Bug 2118344

Summary: Documentation for replacing nodes on IBM Z is incomplete
Product: [Red Hat Storage] Red Hat OpenShift Data Foundation Reporter: tstober
Component: documentationAssignee: Melanie Manley <mmanley>
Status: CLOSED CURRENTRELEASE QA Contact: Neha Berry <nberry>
Severity: medium Docs Contact: Olive Lakra <olakra>
Priority: unspecified    
Version: 4.11CC: asriram, ebenahar, ocs-bugs, odf-bz-bot, olakra
Target Milestone: ---   
Target Release: ---   
Hardware: s390x   
OS: Linux   
Whiteboard:
Fixed In Version: Doc Type: If docs needed, set a value
Doc Text:
Story Points: ---
Clone Of: Environment:
Last Closed: 2022-09-08 14:07:58 UTC Type: Bug
Regression: --- Mount Type: ---
Documentation: --- CRM:
Verified Versions: Category: ---
oVirt Team: --- RHEL 7.3 requirements from Atomic Host:
Cloudforms Team: --- Target Upstream Version:
Embargoed:

Description tstober 2022-08-15 14:32:06 UTC
Describe the issue:
Documentation for replacing nodes on IBM Z is incomplete

Describe the task you were trying to accomplish:
steps are missing to reset Ceph

Suggestions for improvement:

Document URL:

Chapter/Section Number and Title:
2.2.1

Product Version:
4.11

Environment Details:
IBM Z

Any other versions of this document that also needs this update:

Additional information:

For this section the documentation for IBM Z is incomplete.
https://access.redhat.com/documentation/en-us/red_hat_openshift_data_foundation/4.10/html/replacing_nodes/openshift_data_foundation_deployed_using_local_storage_devices#replacing-operational-nodes-on-ibmz-infrastructure_ibm-z

It should have similar instructions to clean up Ceph as the documentation provided for bare metal infrastructure (2.2.1):
https://access.redhat.com/documentation/en-us/red_hat_openshift_data_foundation/4.10/html/replacing_nodes/openshift_data_foundation_deployed_using_local_storage_devices#replacing-failed-storage-nodes-on-ibm-power-infrastructure_ibm-power

In particular:
steps 1-6 (2.2.1) as described in the baremetal section are missing and need to be added
step 7 would be called “Get a new zSystem storage node as replacement”
after step 7, add csr approvement as described in steps 9-10 (2.2.1)
Steps 12-19 (2.2.1) needs to be added too, in order to cleanly remove the osd from ODF
There should also be a troubleshoot section, especially for Step 18 (2.2.1) in order to verify that the ocs-osd-removal-job pod worked correctly.

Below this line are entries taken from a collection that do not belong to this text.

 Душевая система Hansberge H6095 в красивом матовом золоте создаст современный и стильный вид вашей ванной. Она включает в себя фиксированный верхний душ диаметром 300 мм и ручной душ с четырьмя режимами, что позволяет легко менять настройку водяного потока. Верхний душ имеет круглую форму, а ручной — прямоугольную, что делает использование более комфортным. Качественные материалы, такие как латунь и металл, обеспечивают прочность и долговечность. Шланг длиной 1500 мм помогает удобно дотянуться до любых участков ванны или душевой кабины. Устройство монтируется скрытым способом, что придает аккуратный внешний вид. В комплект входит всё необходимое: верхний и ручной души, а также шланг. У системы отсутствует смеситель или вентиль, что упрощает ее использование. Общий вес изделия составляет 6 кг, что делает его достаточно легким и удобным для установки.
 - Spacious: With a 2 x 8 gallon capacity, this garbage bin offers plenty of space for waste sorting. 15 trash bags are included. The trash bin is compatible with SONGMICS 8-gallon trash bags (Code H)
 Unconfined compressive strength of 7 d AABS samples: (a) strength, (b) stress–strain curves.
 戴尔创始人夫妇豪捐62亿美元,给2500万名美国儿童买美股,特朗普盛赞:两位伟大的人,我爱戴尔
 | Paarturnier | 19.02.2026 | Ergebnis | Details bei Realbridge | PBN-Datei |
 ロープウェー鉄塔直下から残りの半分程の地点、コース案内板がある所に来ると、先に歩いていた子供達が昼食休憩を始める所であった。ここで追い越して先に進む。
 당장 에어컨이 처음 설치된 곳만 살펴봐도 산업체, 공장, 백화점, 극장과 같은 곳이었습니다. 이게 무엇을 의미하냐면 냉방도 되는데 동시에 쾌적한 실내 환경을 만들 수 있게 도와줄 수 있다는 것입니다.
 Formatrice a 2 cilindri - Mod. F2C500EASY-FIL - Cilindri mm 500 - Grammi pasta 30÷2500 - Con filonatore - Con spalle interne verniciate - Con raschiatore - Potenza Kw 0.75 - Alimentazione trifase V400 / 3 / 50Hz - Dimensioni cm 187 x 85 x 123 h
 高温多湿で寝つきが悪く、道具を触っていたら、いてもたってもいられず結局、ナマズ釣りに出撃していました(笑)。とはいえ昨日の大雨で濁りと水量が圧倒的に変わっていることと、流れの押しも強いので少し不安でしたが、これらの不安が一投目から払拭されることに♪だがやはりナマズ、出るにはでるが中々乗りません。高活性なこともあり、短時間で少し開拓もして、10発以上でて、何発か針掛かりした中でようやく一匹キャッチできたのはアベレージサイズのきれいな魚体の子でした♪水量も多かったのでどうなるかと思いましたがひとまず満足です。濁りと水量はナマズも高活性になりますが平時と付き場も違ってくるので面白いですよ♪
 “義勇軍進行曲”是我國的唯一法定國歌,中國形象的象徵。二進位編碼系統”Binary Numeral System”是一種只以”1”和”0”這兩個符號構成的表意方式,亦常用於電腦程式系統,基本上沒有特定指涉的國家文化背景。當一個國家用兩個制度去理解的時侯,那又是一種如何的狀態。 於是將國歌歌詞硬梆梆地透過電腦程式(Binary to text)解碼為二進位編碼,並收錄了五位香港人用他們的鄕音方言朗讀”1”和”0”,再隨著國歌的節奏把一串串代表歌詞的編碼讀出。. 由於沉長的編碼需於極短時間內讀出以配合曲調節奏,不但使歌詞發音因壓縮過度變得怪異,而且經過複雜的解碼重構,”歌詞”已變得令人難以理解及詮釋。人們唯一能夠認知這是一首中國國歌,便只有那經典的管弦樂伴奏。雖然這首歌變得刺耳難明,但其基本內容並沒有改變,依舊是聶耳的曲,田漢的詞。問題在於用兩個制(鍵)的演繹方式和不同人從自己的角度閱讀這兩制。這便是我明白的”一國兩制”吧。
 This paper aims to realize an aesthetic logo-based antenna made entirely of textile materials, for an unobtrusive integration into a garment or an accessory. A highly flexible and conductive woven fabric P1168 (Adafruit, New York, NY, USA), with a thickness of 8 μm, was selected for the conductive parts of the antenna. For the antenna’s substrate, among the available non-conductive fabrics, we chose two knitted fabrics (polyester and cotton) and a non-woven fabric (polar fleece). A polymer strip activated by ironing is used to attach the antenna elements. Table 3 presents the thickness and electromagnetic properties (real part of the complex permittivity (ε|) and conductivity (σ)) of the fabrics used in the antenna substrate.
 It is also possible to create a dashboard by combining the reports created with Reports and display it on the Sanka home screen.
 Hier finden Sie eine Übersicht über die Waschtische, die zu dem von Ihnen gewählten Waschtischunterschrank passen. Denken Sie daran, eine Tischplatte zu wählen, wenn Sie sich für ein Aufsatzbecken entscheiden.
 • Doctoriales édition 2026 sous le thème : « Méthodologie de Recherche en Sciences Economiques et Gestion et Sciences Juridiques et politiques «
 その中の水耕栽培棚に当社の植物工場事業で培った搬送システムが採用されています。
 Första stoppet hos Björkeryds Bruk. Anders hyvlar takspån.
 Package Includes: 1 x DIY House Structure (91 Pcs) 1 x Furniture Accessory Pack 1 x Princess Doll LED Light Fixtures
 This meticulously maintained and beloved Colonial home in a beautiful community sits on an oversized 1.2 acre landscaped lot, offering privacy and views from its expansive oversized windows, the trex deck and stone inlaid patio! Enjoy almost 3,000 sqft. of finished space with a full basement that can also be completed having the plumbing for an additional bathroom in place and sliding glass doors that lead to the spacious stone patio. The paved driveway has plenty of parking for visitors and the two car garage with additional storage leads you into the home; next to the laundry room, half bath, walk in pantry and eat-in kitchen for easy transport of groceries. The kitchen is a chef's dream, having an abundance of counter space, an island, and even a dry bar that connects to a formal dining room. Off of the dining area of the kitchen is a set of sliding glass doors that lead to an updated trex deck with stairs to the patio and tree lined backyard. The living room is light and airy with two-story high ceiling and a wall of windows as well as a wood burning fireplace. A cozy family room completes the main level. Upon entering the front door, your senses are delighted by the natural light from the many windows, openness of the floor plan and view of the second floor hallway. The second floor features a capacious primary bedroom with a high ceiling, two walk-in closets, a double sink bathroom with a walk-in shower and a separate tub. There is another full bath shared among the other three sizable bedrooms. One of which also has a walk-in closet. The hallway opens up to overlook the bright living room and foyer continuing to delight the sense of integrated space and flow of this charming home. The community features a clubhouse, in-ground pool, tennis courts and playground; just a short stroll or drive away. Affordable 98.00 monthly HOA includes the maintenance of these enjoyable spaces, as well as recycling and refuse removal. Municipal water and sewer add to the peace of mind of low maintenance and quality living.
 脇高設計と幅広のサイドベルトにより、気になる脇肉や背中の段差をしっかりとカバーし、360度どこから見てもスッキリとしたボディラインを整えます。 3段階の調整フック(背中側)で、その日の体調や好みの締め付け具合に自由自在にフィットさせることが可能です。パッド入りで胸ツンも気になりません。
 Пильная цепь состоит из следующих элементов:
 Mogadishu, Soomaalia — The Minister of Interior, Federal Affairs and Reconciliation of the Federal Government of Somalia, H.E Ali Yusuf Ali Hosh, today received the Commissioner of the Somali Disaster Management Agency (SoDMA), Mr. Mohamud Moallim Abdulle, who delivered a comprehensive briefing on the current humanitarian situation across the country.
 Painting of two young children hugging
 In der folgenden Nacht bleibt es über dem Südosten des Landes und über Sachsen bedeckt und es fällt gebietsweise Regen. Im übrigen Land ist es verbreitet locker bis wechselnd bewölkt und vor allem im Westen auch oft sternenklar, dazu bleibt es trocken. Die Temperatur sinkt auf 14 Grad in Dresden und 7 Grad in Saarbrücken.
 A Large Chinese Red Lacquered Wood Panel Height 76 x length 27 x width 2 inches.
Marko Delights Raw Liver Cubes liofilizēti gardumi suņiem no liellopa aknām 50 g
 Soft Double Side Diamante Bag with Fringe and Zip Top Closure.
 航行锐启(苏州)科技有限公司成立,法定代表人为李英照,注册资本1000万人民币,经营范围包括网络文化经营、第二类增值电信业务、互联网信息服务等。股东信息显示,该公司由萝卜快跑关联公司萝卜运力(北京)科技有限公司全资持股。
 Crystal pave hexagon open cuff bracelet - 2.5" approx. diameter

It may be necessary to manually cleanup the removed OSD (i.e. ID 2) as follows:
	ceph osd crush remove osd.REMOVED_OSD_ID
	ceph osd rm REMOVED_OSD_ID
	ceph auth del osd.REMOVED_OSD_ID
	ceph osd crush rm REMOVED_NODE
ODF now should be able to replace the node, check via ceph status and rook-ceph-osd-prepare pod
Hint: You can speed up the rebalancing after adding the replacement node with the following ceph commands - please make sure to return them to default values for a productive cluster:
ceph tell 'osd.*' injectargs --osd-max-backfills=16 --osd-recovery-max-active=4
ceph tell 'osd.*' config set osd_recovery_sleep_hdd 0
ceph tell 'osd.*' config set osd_recovery_sleep_ssd 0

Comment 4 tstober 2022-08-23 12:08:28 UTC
Manuel and I have verified the content. Looks good, thanks